Wednesday, April 02, 2008

Maya Lin's Earthly Concerns

by Anne-Marie O'Connor
Los Angeles Times
April 1, 2008

Maya Lin has always had a deep feeling for the land. As a child, she roamed the leafy woods of the Appalachian foothills in southern Ohio, listening to the mating calls of the songbirds that filled the forest. Now Lin perceives a growing stillness, as the number of songbirds across America are decimated by habitat destruction.

The growing degradation of the natural world haunts Lin -- celebrated as the creator of the Vietnam Veterans Memorial and the reinventor of the American memorial genre -- as she pulls together the plans for what she says will be her "last memorial."

The title of this work-in-progress, like many of the details, is evolving: Perhaps "What is Missing," perhaps simply "Missing." But the theme is clear: Lin's finale will grieve for the animals, birds and plants driven into extinction -- and warn of the urgency of acting now to halt the devastation.

Lin envisions it as a multisite chronicle, including photography and video, at places around the world and with a commemorative list of names -- this time the names of extinct species. It is to be launched with a memorial table on Earth Day in April 2009 commissioned by the California Academy of Sciences in San Francisco, which chose her design to include inits new building in Golden Gate Park, an academy spokeswoman said.

"Do the math, guys. Where do we want to be in 50 years? That's the question," she said at the Museum of Contemporary Art San Diego as she installed her latest exhibit in a cathedral-like gallery lighted by the afternoon sun.
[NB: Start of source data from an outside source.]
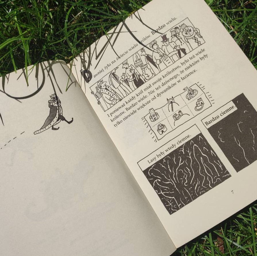 Warto wspomnieć, że ta baśń ukazała się także we wznowionym przez Wydawnictwo Dwie Siostry zbiorze „Klechdy sezamowe” z ilustracjami Jana Lenicy. Tam ilustracji (w przeliczeniu na jedną baśń) jest mniej i są one zupełnie inne niż wilkoniowe, ale też zdecydowanie warto po tę książkę sięgnąć. A najlepiej – porównać jak różnie dwaj Twórcy podeszli do tej samej baśni 🙂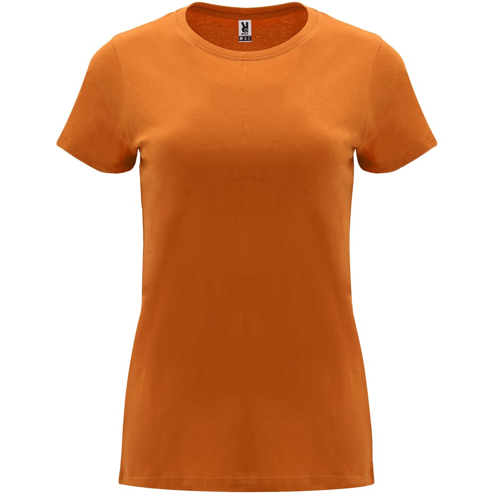 Tailliertes kurzärmeliges T-Shirt für Damen. Rundhalsausschnitt mit 1×1 Rippstrick. Verstärkte und verdeckte Nähte am Kragen. Herausnehmbares Etikett.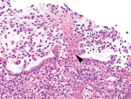 Figure 4.82 Pseudomembranous pattern, early. Higher magnification of the previous case shows the fibrin (arrowhead) erupting from the colonic surface amidst numerous neutrophils.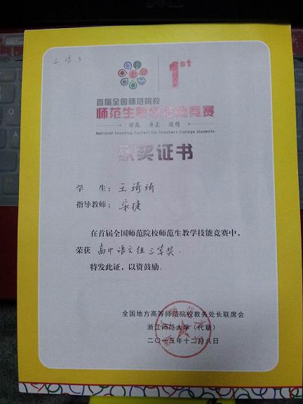 12月7日、8日,竞赛在浙江师范大学进行。比赛分教学设计和课件制作、即席演讲、模拟授课三个环节。王琦琦同学以流畅、清晰的演讲和对《奥斯维辛没有什么新闻》的准确理解、精彩讲解,在来自全国62所师范院校的语文组选手中取得三等奖第三名。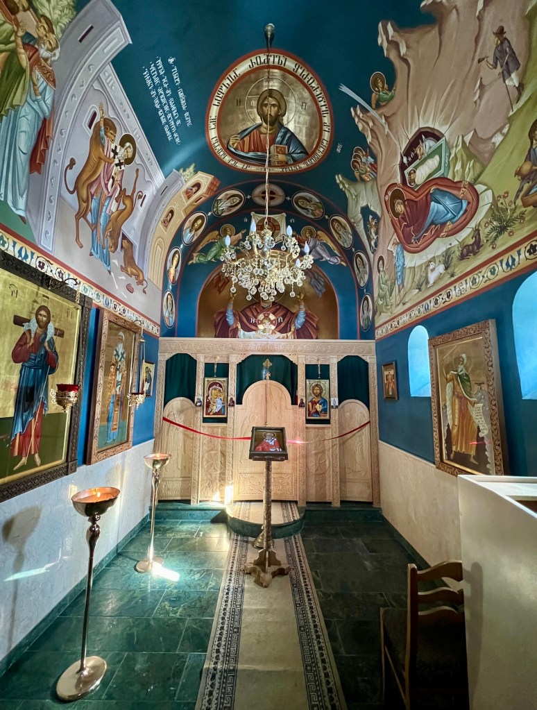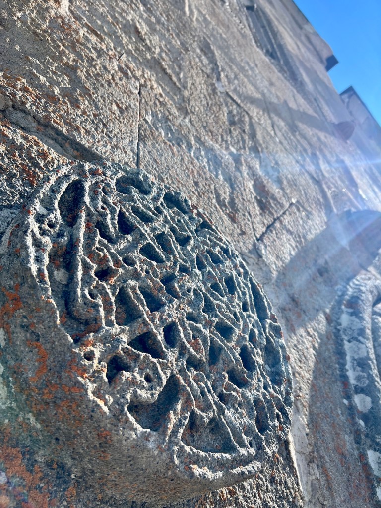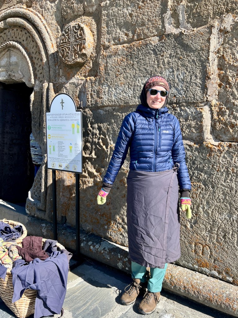 Zeit für etwas Sightseeing. Die Kuppelkirche und der Glockenturm werden auf das 14.Jahrhundert datiert. An den Außenwänden und in der Kirche finden sich zahlreiche georgische Ornamente. Um die Kirche zu betreten muss sich Jana einen Rock über die Hose binden – ungewohnt, findet ihr nicht?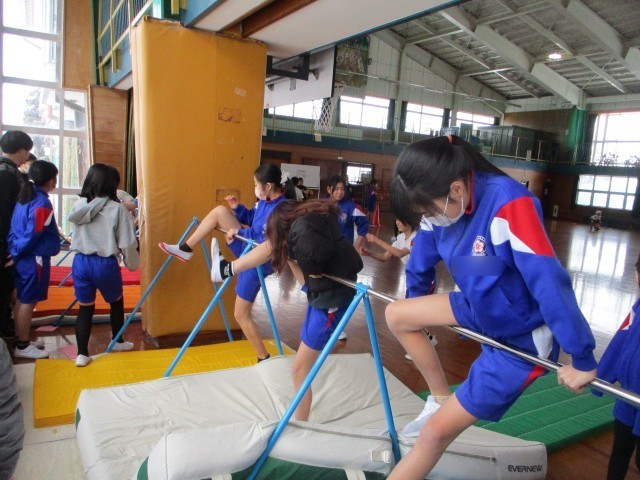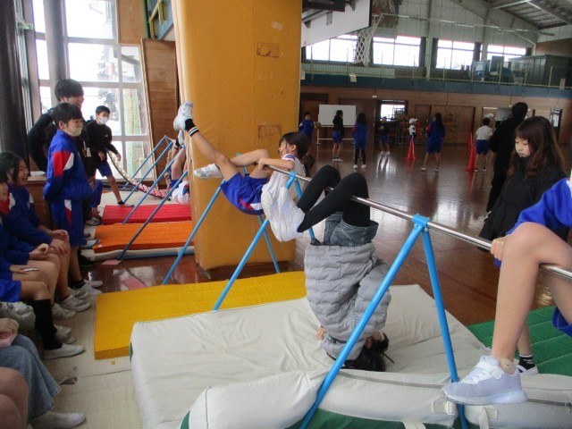 5年生の体育科は、鉄棒運動とバスケットボールに取り組んでいました。鉄棒運動は、体のバランスと動きの連動が大切です。足掛けまわりに挑戦していました。掛けた足ではなく、振り足をうまく使うと回れるのですが、コツをつかむのは、難しいようです。また、バスケットボールは、ボールをうまく扱う技能(パスやドリブル、シュート)とコート全体を見て、見方や敵の位置を考えてオフェンスやディフェンスができるかという空間認識能力が問われます。まずはボールになれ、たのしく取り組んでいくことが大切です。

"We're in the sixth-largest extinction in the Earth's history, and it's the only one caused by a single species," Lin said. "The top 10 songbirds we grew up with are in a 40% to 70% decline. Our oceans are being devastated by overfishing. The landscape we grew up with has been significantly diminished. I just want to bring attention to it and give people the idea that you can do something about it."

At 48, Lin might seem young to hold the status of éminence grise of memorials, a position of gravitas that began when her design for the Veterans Memorial was chosen while she was 21 and a student at Yale. She has become so associated with monuments that when terrorists attacked on 9/11, a flood of faxes cascaded into her Soho studio asking her to prepare a memorial sketch.

" 'What is Missing,' " Lin said, "will close the series for me. It's so near and dear to my heart. This is the only one I've instigated," she said. "I want the last one to be so personal, something I care so deeply about."

She holds out a long rectangular black book that is a working prototype of the project. " 'Missing,' the last memorial, will focus attention on species and places that have gone extinct or will most likely disappear, within our lifetime," an opening page reads. Funding, she hopes, will come from environmentally concerned donors.

As Lin spoke, she crouched on the floor of the museum's Jacobs building, using a little hammer to delicately chisel a small, winding crack she spotted in the concrete floor. When the show opened last weekend, this accidental crack was transformed into a shimmering silver river running through her "Systematic Landscapes," an exhibit that brings indoors her environmental sculptures -- and the spiritual meditations that fuel them.

Dressed in jeans and a sleeveless brown T-shirt, her brown eyes direct and focused, she was unpretentious, friendly and open. But she spoke intensely of the existential forces driving her "last memorial."

"I digress from the art show," she half-apologized, gesturing to the monumental landscapes being meticulously assembled around her. "But for me it's all the same. I've always used nature and the environment as my inspiration."

She spends much of her time creating outdoor environmental sculptures, like a winding serpent mound in Sweden modeled on a famous ancient snake mound in Ohio.

But she has attained international recognition -- and at time, fierce opposition -- for spare, elegant monuments whose emotional punch uncoils as viewers follow the march of history. There are the names of the American dead at the Vietnam Veterans Memorial in Washington, D.C., which was initially opposed by critics who wanted the work to personify fallen veterans with statues. At her Civil Rights Memorial in Montgomery, Ala., water flows over the names of murdered civil rights activists. The Yale Women's Table chronicles the days when female students audited as "silent listeners."

Lin would like her new memorial to have global reach. She wants to use the Internet, interactive media and a book to tell people specific steps they can take to spare the environment, like avoiding plastic bags, insisting on shade-grown coffee or joining a program to "adopt" an endangered species and help protect it. She wants to unveil donated corporate billboards in locations such as Times Square, with 20-minute videos with images of endangered species and places.

Does this mean she is crossing the line from artist to advocate?

Lin paused for a thoughtful moment. As a child, the burning of toxic contaminants on Lake Erie did spur her to environmental activism. She petitioned the Kroger Co., owner of Ralphs and Food4Less, to ban animal traps and advocated for Greenpeace.

"I've always said I present history. I don't dictate what people think," she began carefully. "I don't try to preach. This one, like the others, makes you aware of it: 'Did you know the sound of the songbirds, as we knew it when we were little, are gone?' But yeah," she added with a shrug, "Definitely, I will be giving groups and people things they can do in their everyday lives."